Развязка следует 6 сентября – после помолвки Грепеля и Юлии, они пригласили Гофмана на прогулку в замок Поммерсфельд. На празднике много выпито, в том числе Гофманом и Грепелем, и когда приходит время прогуляться… Кунц: «С видимым усилием поднялся жених с места, предлагая руку невесте. Я и Гофман неторопливо прогуливались за парой, остальное общество следовало группами. Едва все очутились во дворе замка, как мы заметили, что господин Бегемот задевает все углы и справа, и слева, невеста едва успевала уворачиваться. Но вдруг произошел сильный толчок, угрожающий уронить бедную Юлию. Гофман прыгнул к ним, я подбежал к падающему, но было слишком поздно – будущий муж пластом лежал на земле, тяня руку Юлии, которую она пыталась выдернуть. Юлия побледнела, а все общество собралось вокруг упавшего. Гофман пылал от гнева, и громкие слова сорвались у него с губ: «Взгляните на эту собаку! Мы все также пили, как и он, но ведь с нами не происходит что-то подобное! Это может произойти только с пошлейшим человеком!» Все презрение, ярость на соперника, зависть и унижение, раненое чувство и разочарование – все вылилось в этих словах. Все испугались, крича, чтобы он прекратил. Юлия бросала на Гофмана презрительные взгляды; мать же отныне запретила ему посещение ее дома. «Мгновение он стоял, как пораженный, затем встал и удалился быстрыми твердыми шагами».

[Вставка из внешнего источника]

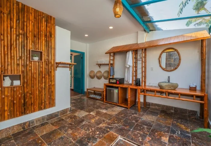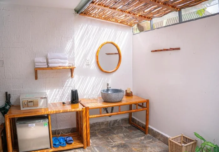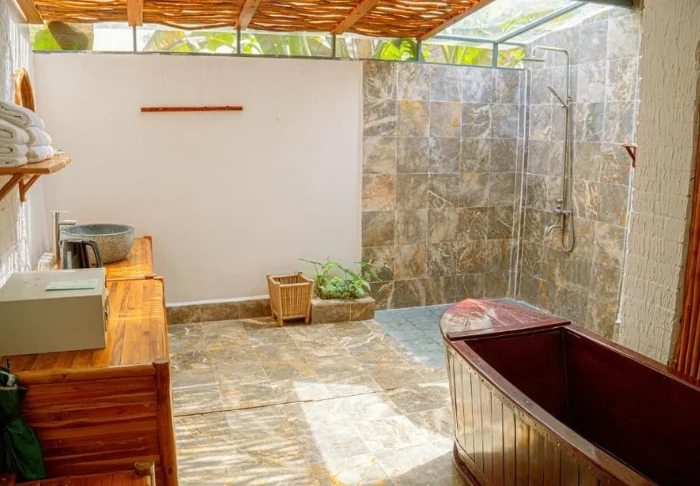 De lodge beschikt over sfeervolle bungalows die zijn gebouwd met natuurlijke materialen en perfect opgaan in de serene omgeving. U verblijft in een deluxe kamer te midden van de weelderige tuinen van de lodge, vol bloeiende planten en fruitbomen. De kamer is ongeveer 40 m² groot en ingericht met handgemaakte meubels van natuurlijke materialen, waardoor een rustige en authentieke sfeer ontstaat. U heeft de keuze uit een tweepersoonsbed of twee eenpersoonsbedden, airconditioning, een minibar, wifi en een waterkoker voor een kopje thee of koffie. De ruime badkamer is voorzien van moderne gemakken en heeft een binnen- of buitendouche. Vanaf uw eigen terras geniet u van het uitzicht op de rustgevende tuin en de ontspannen sfeer.

В том же сентябре Гофман пишет новеллу «Дон-Жуан», в которой повествование идет от лица «странствующего энтузиаста». Она, разумеется, опубликована в той же «Всеобщей музыкальной газете». Современник писателя, В.Ф.Одоевский, рекомендовал «почаще перечитывать всем играющим в «Дон-Жуане». Также Гофман начинает работу над оперой «Ундина» (Undine) (слушать). Между тем руководитель театра Гольбайн отказывается от антрепризы, и театр закрылся. Гофман начал бедствовать. 26 ноября в его дневнике появляется запись: «Продал старый сюртук, только чтобы поесть».
В декабре 1812 Юлия сочеталась браком с Грепелем. Несчастная любовь и закрытие театра подталкивают Гофмана к отъезду. Ему предложено место капельмейстера в Дрездене и в 1813 он навсегда покидает Бамберг, назвав этот город «самый злой из всех времен».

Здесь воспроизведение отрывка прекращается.